If developing countries' governments can put their will and resources into implementing digital tracking systems to confront the COVID-19 crisis in a matter of weeks, there should be no doubt that developing countries can attain resilience and continue on the sustainable development track. These countries need to prioritise their public sector officers' capacity building to ensure policy implementations are aligned with the policy objectives. Now of course, funding is an issue. And such funds need to be sustainable in the long term.
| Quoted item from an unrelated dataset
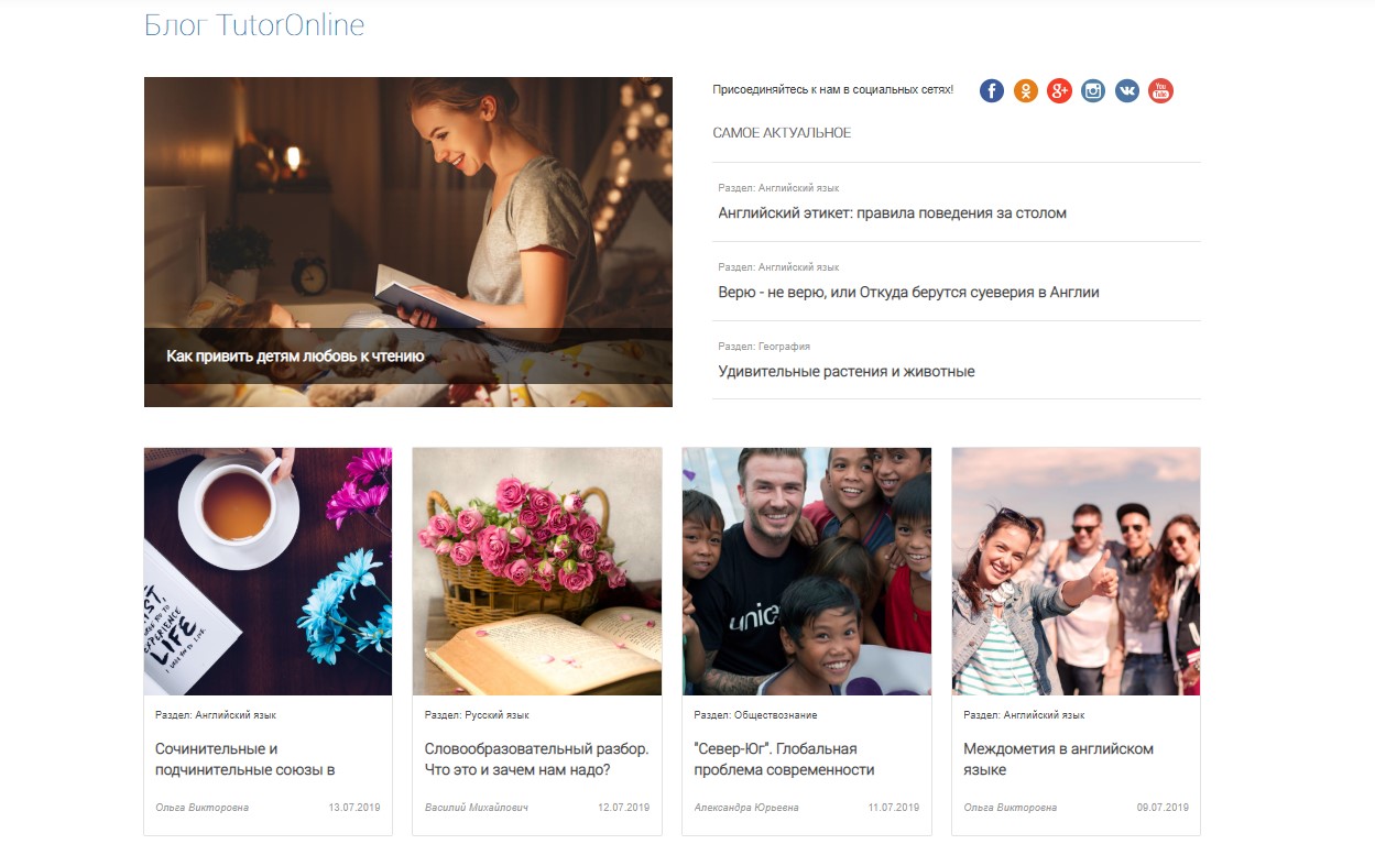 Главное преимущество собственного блога в том, что там нет никаких ограничений. Мы пишем на любые темы (связанные с образованием, конечно), в разных подачах, разных форматах. Это площадка для творчества. Публикуем там статьи по разным предметам, в планах выпускать больше контента для мотивации, вдохновения. Есть отдельная рубрика «Полезные советы для родителей».

Concurrently, given the prominence of the government in the post-COVID-19 world, the global investment community can deploy instruments such as social impact bonds (SIB) to focus on capacity building amongst public sector officers in developing countries. SIBs would finance the delivery of skills training and policy support to public sector officers from central to local level who will need to work at scale, innovate policies at speed and implement solutions at cost. In addition to debt relief or debt restructuring, multilateral agencies can help create policy simulators in the governments to improve overall the resilience thinking capacity of the decision-makers, representing public, private and civil society organisations responsible for cooperating to build a better future.


There is too little time to spend it collecting evidence, or to wait for best practices from elsewhere. Every developing country's government should have a policy simulation lab, where there will be a new post for “policy simulators” who are able to run simulations on various policy challenges, just as they have posts for accountants and macroeconomic forecasters.